Cuba’s Raul Castro Announces Plans to Retire in 2018


Above: Raul Castro (Photo: AIN Cuba)

By the Caribbean Journal staff

Cuba President Raul Castro, who was chosen to serve a new term Sunday, will be leaving politics in 2018 when this term expires, he announced.

The announcement came after Cuban delegates chose a new President of the National Assembly for the first time in nearly 20 years, with Esteban Lazo succeeding Ricardo Alarcon.

“This decision is of particular historic significance because it represents a defining step in shaping the future direction of the country through a gradual and orderly transfer to the new generation of principal offices,” he said. “[It is a process] that we must realize in five years.”

Stepping down in five years, he said, “will be the last command.”

If Castro holds true to his words, it would mark the first time since 1959 that a member of the Castro family had not ruled the Caribbean nation.

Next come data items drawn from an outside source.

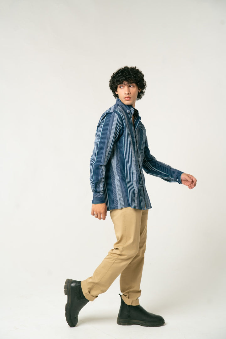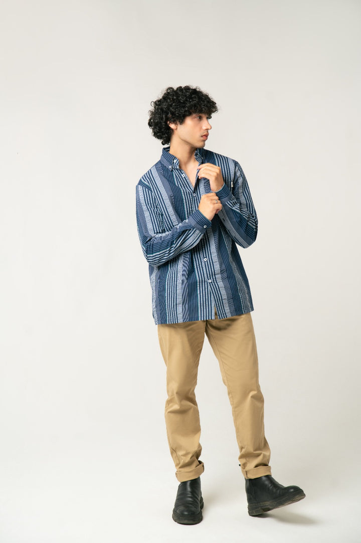 Make a confident statement with this eye-catching Men's Multi-Stripe Casual Shirt. Crafted from a soft, breathable cotton or cotton-blend fabric, this shirt features a bold, intricate pattern of vertical stripes in varying thicknesses and shades of Deep Blue, Navy, and Cool Grey.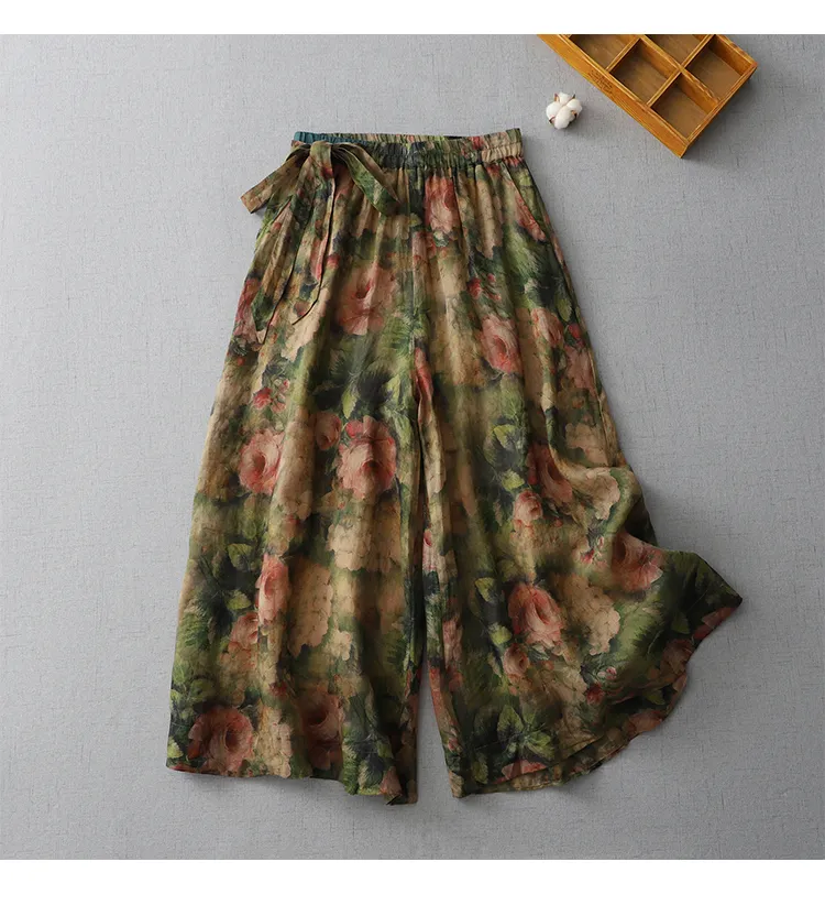 衣都精品- 新款鬆緊高腰復古印花束腳牛仔褲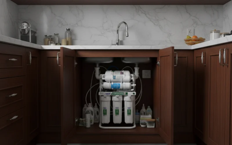 Được thiết kế tối ưu để giấu bên trong tủ bếp hoặc đặt dưới chậu rửa, máy lọc nước lắp âm là lựa chọn lý tưởng cho những không gian sống có diện tích khiêm tốn. Thiết kế này không chỉ giúp tiết kiệm diện tích mà còn mang lại vẻ gọn gàng, hiện đại cho gian bếp.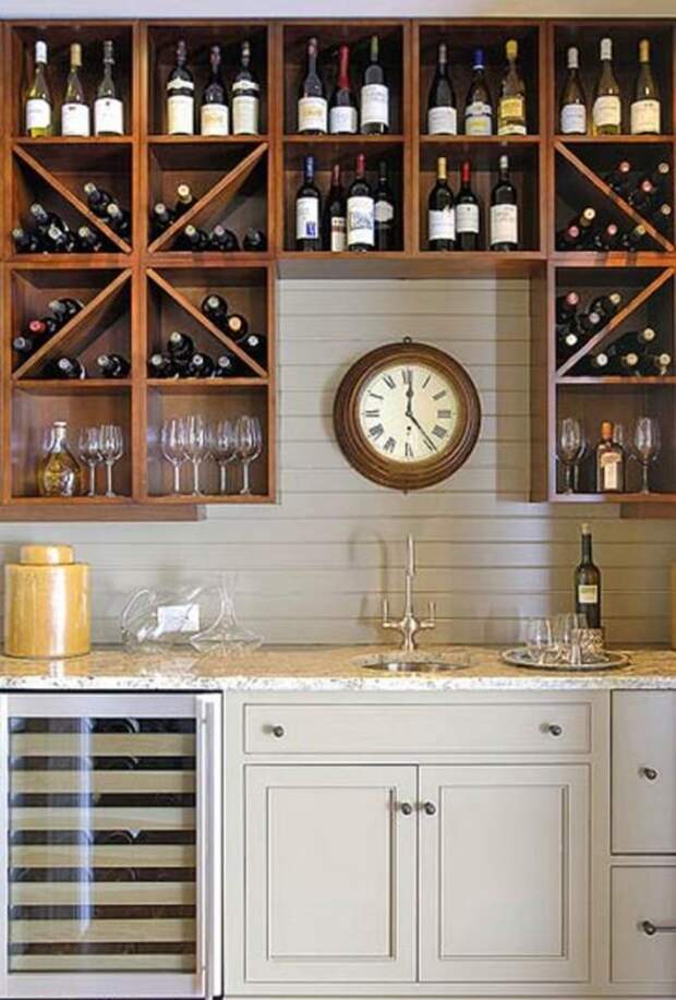 Для небольшого домашнего бара, расположенного в гостиной или на кухне, вполне хватит нескольких горизонтальных полок или подставок под бутылки, монтируемых в мебель (бюджетные варианты можно найти в магазине икеа). При обустройстве места для хранения вина важно учитывать главное правило: чтобы напиток не испортился, его нужно держать вдали от солнечных лучей. Также нужно следить за тем, чтобы рядом не было источников тепла (плита, батарея).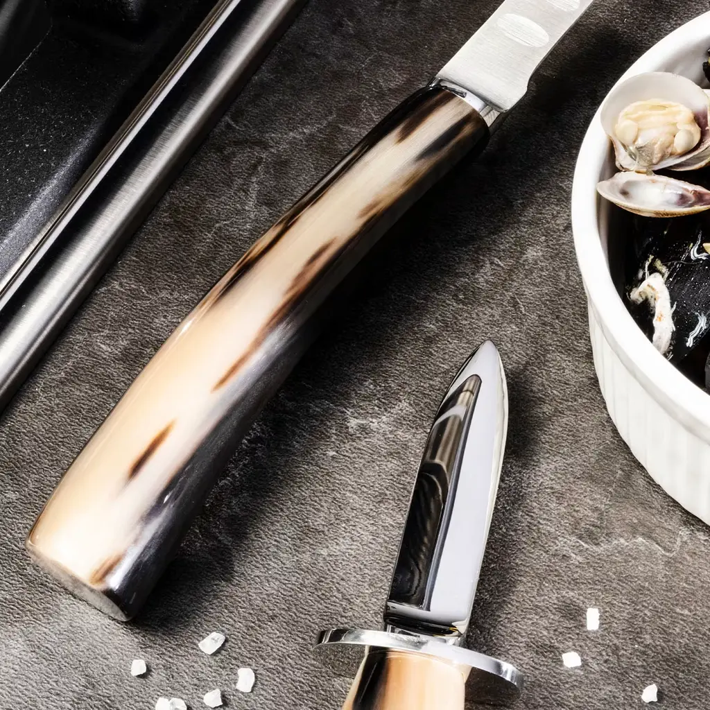 Elevate seafood dining experiences with the Fish and Shellfish Cutlery Set. This exquisite collection features three meticulously crafted utensils: a salmon knife measuring 420 mm, lobster pliers at 220 mm, and an oyster opener at 155 mm. Each piece combines durable stainless steel with elegantly designed natural horn handles, offering both functionality and aesthetic appeal. Ideal for entertaining or enhancing everyday meals, this cutlery set is an essential addition to any sophisticated tabletop setting. Part of the Classic Collection.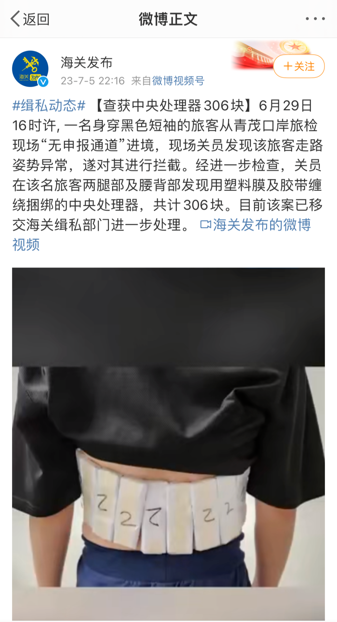 男子身绑 306 片 CPU 入境被查,因走路姿势明显异常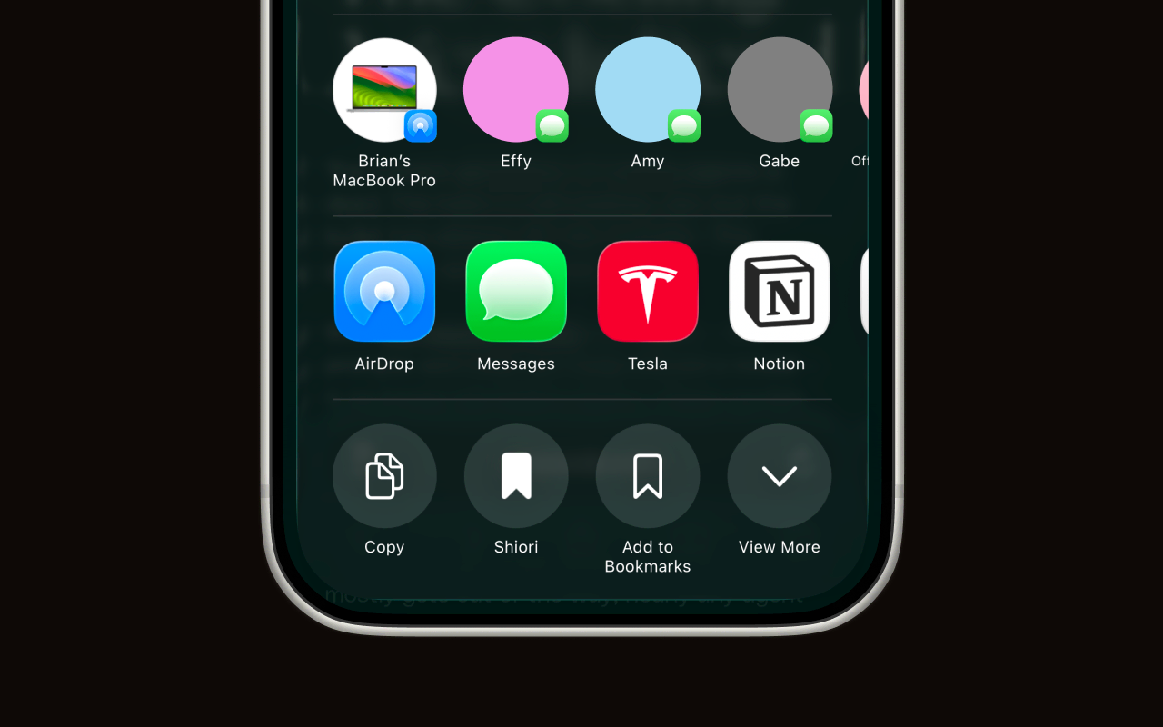 You're all set. Open any page, tap Share, and you'll see Shiori right in the quick actions row. Tap it to save the link to your reading list.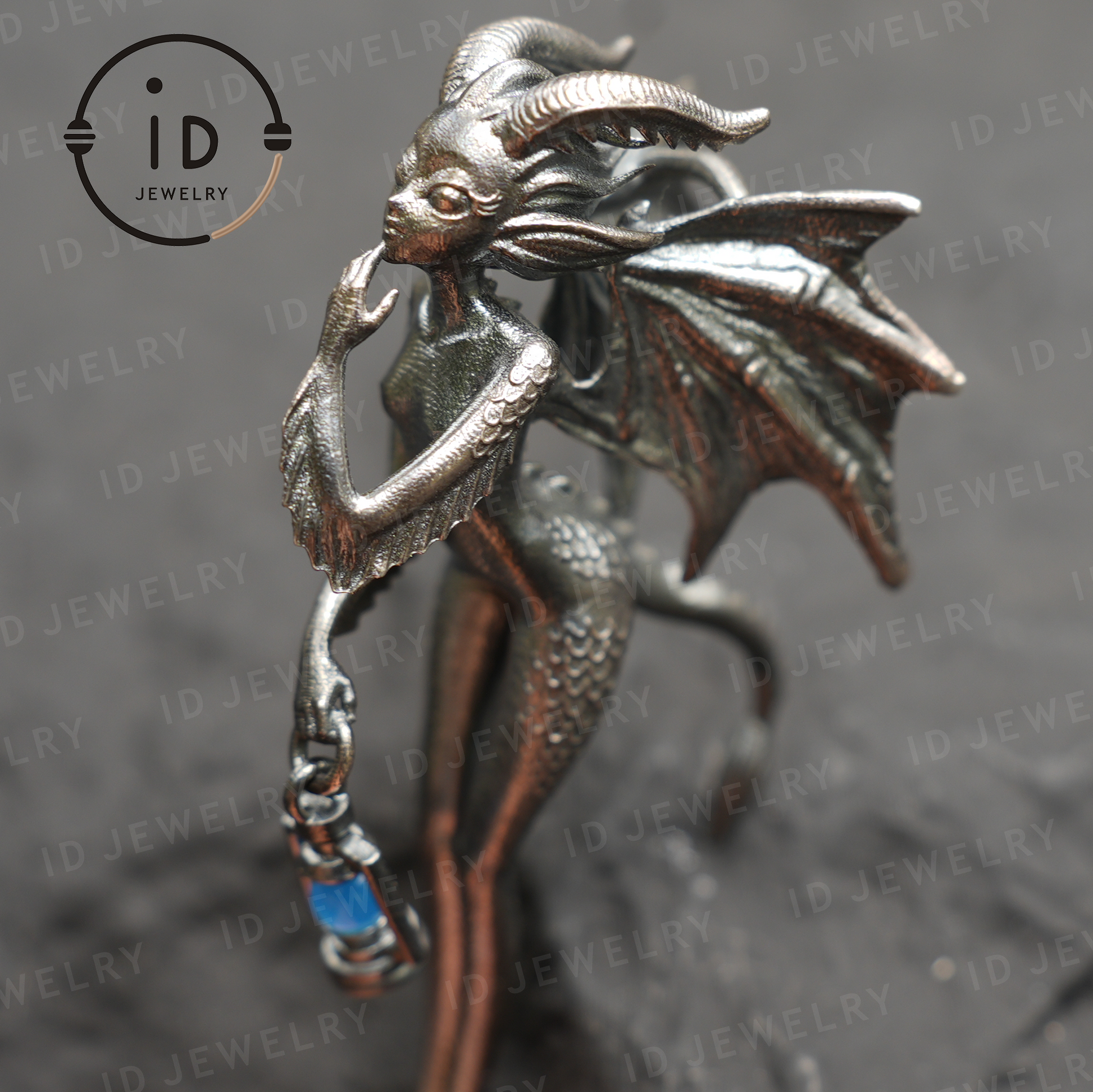 🧚♀️ This pendant transforms the fantasy dragon maiden into reality, blending finely crafted 925 silver with green chalcedony, granting the wearer courage to cross the night with a beauty that is both gentle and strong.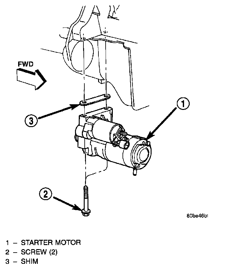 5. Position the starter motor and any starter motor shims that were removed during the starter motor removal procedure to the engine block. Loosely install the two starter motor mounting screws to secure the starter motor and shims to the engine block.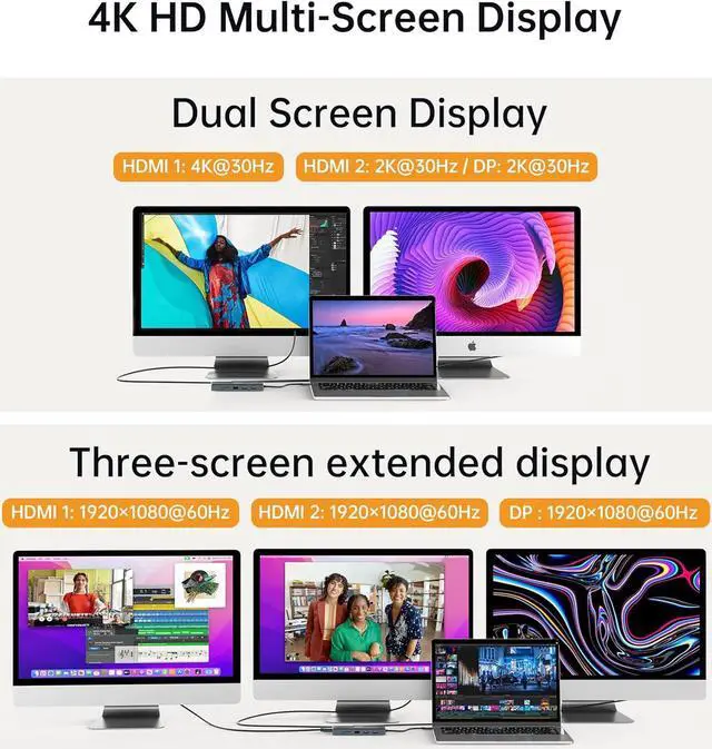 4K HD Multi-Screen Display - Combines three video output ports, 2HDMI and one DP port, 4K HD output.Different from other brands, our laptop docking station supports the Triple display both Mac OS and Windows systems. PLEASE NOTE: Windows system, AMD processor, usb c hub docking station supports quadruple display MST; Windows system, Intel processor, usb c dock supports Triple display MST.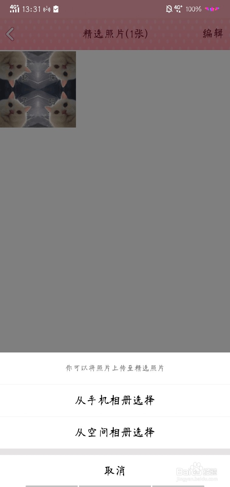 在这里选择从手机相册或者空间相册上传,选择好照片后,点击上传就可以了。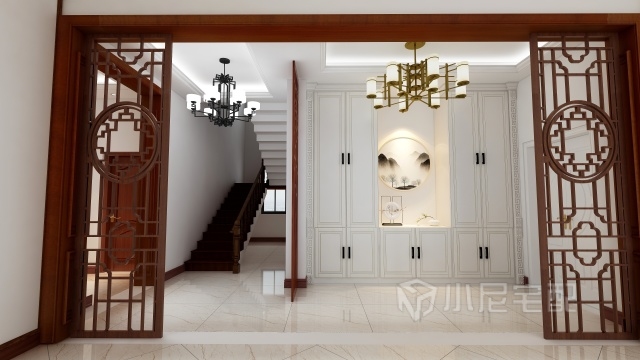 玄關(guān)處的鞋柜既增加了裝飾效果,又體現(xiàn)出了實(shí)用功能

The man who could one day succeed Castro is Miguel Diaz-Canel, who was elected as First Vice President of Cuba’s State Council on Sunday.

Castro pointed to Diaz-Canel’s 30 years of public service, from military service in anti-aircraft missile units to teaching at the faculty of electrical engineering at the Central University of Las Villas.

Diaz-Canel has served as Minister of Higher Education and, since 2012, as vice president of the Council of Ministers in charge of agencies involved in education, science, sports and culture.

While Castro has slowly begun to engineer reforms to Cuba’s communist model, in a speech Sunday he said that the direction for updating the Cuban economic model aimed to “achieve a sustainable and prosperous socialist society, a society less egalitarian, but more fair.”

“These principles underlie the formation of a development programme until 2030 in preparation,” he said.

“To those who, inside our outside the country, with good or bad intentions, encourage us to go faster, we tell you that we will continue to slowly but surely,” he said.

But among the changes most significant would be a maximum of two consecutive five-year term for the main offices of state and government, he said.